*Supplied material*
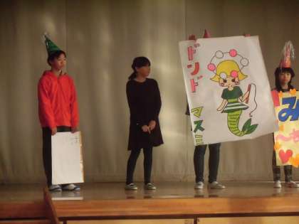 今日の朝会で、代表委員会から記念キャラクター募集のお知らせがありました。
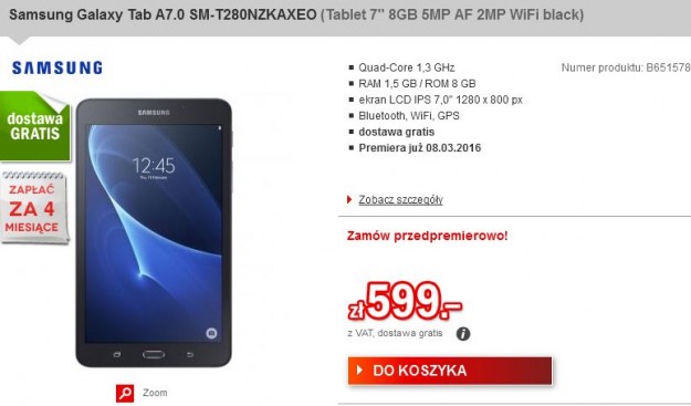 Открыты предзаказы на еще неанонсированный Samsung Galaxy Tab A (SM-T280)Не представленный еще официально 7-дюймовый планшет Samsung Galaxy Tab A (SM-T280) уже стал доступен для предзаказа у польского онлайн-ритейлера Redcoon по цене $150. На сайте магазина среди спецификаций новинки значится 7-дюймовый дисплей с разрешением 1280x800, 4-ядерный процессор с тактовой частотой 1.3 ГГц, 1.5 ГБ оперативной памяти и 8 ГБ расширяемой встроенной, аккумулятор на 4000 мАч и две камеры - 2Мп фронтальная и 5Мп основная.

---

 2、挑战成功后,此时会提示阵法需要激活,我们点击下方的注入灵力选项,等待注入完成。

...

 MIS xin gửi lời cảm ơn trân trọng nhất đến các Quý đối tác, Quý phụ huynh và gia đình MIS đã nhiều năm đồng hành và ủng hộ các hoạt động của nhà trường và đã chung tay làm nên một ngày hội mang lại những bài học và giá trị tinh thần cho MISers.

*Exercise details*
Going by the data above, give back only the lines from the one containing "今日の朝会で、代表委員会から記念キャラクター募集のお知らせがありました。" through the one containing "Открыты предзаказы на", exactly as they stand, both ends included and no images.

*Response box*
 今日の朝会で、代表委員会から記念キャラクター募集のお知らせがありました。
 Открыты предзаказы на еще неанонсированный Samsung Galaxy Tab A (SM-T280)Не представленный еще официально 7-дюймовый планшет Samsung Galaxy Tab A (SM-T280) уже стал доступен для предзаказа у польского онлайн-ритейлера Redcoon по цене $150. На сайте магазина среди спецификаций новинки значится 7-дюймовый дисплей с разрешением 1280x800, 4-ядерный процессор с тактовой частотой 1.3 ГГц, 1.5 ГБ оперативной памяти и 8 ГБ расширяемой встроенной, аккумулятор на 4000 мАч и две камеры - 2Мп фронтальная и 5Мп основная.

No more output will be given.